Work instructions
Exactly as written, output the lines below starting from the first and ending with the line that contains "截至2024年底,美國能源信"; omit pictures.

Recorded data
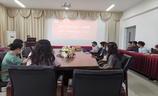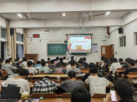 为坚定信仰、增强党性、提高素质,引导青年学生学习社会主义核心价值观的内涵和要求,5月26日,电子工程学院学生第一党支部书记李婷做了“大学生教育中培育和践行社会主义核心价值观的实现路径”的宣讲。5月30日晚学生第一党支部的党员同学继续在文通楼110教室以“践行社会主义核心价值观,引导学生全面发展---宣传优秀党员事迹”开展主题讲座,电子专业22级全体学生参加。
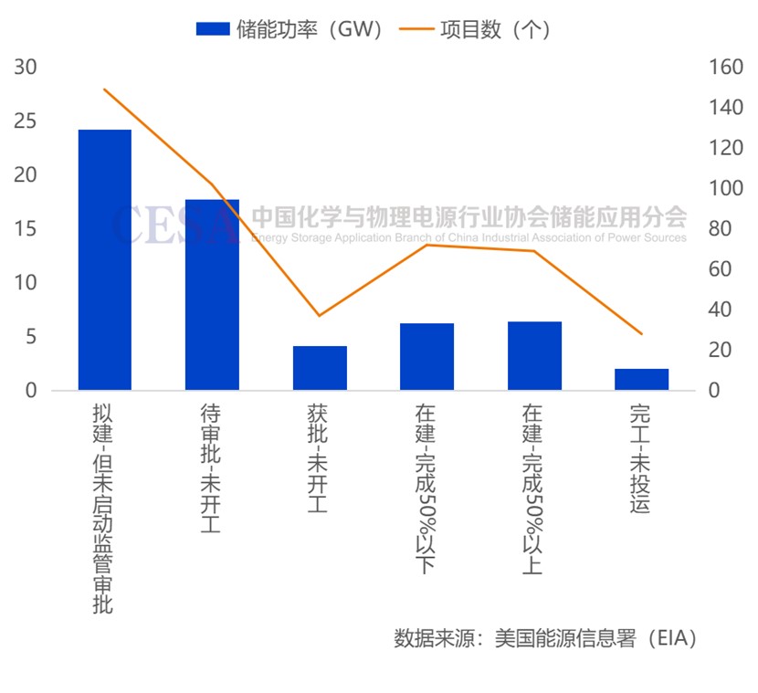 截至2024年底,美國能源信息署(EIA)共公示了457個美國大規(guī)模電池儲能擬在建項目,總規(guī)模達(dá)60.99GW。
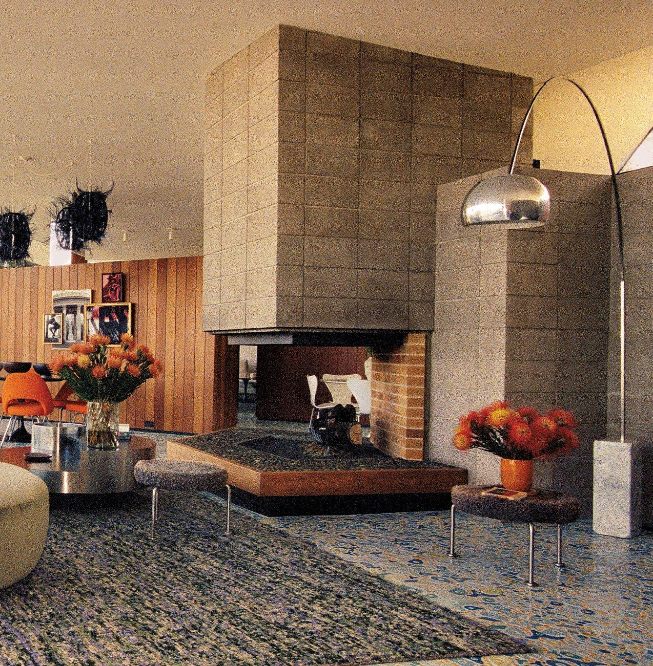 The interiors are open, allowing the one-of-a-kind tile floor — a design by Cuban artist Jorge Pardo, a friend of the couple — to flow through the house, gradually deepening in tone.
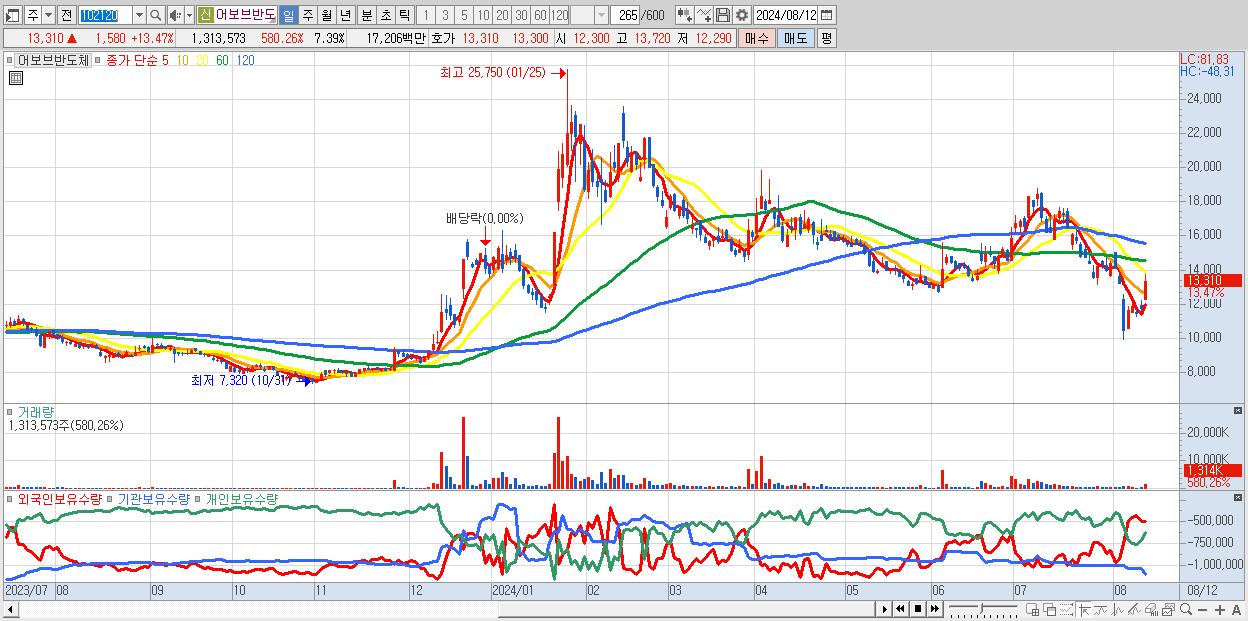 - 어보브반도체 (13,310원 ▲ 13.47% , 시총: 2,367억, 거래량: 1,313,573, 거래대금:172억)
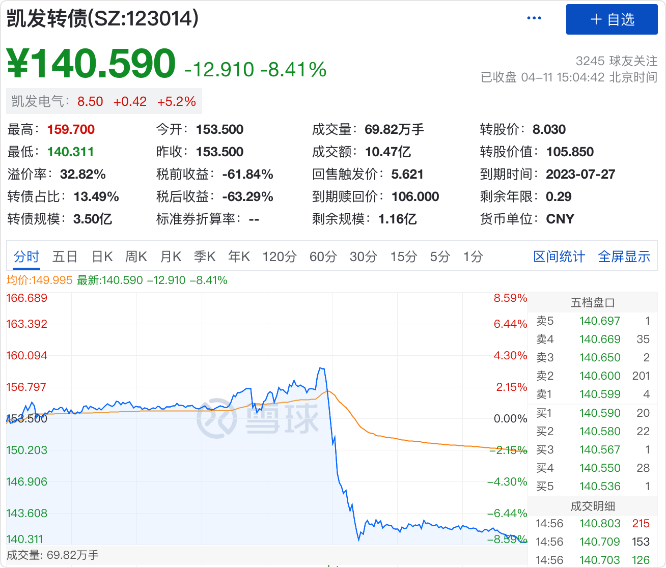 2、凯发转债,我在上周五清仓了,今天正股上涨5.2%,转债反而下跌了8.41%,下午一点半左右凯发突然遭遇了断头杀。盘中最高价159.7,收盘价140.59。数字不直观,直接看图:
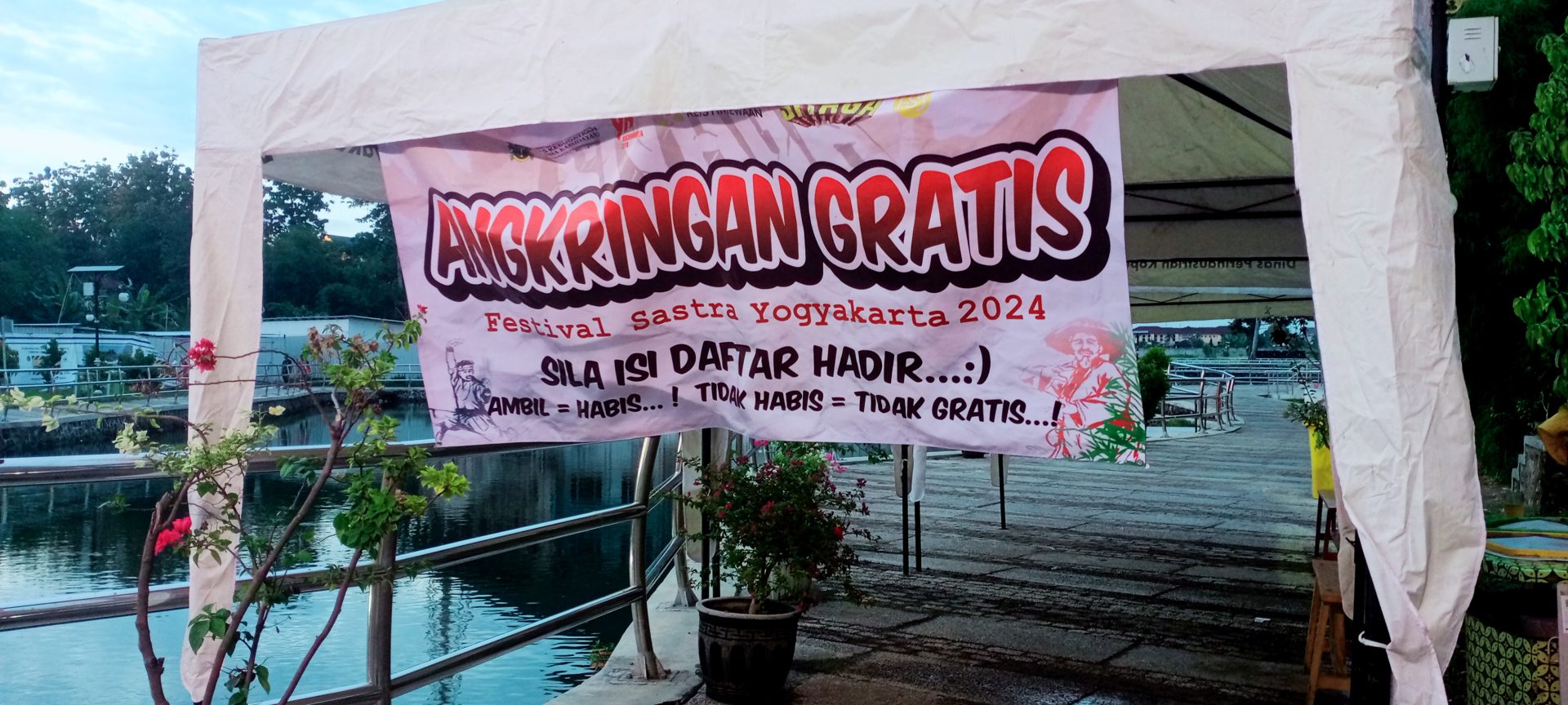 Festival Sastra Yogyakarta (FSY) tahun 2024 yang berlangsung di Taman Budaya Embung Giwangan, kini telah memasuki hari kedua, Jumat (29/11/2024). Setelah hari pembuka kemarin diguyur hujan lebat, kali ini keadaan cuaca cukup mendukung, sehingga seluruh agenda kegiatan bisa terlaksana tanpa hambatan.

Solved exercise
 为坚定信仰、增强党性、提高素质,引导青年学生学习社会主义核心价值观的内涵和要求,5月26日,电子工程学院学生第一党支部书记李婷做了“大学生教育中培育和践行社会主义核心价值观的实现路径”的宣讲。5月30日晚学生第一党支部的党员同学继续在文通楼110教室以“践行社会主义核心价值观,引导学生全面发展---宣传优秀党员事迹”开展主题讲座,电子专业22级全体学生参加。
 截至2024年底,美國能源信息署(EIA)共公示了457個美國大規(guī)模電池儲能擬在建項目,總規(guī)模達(dá)60.99GW。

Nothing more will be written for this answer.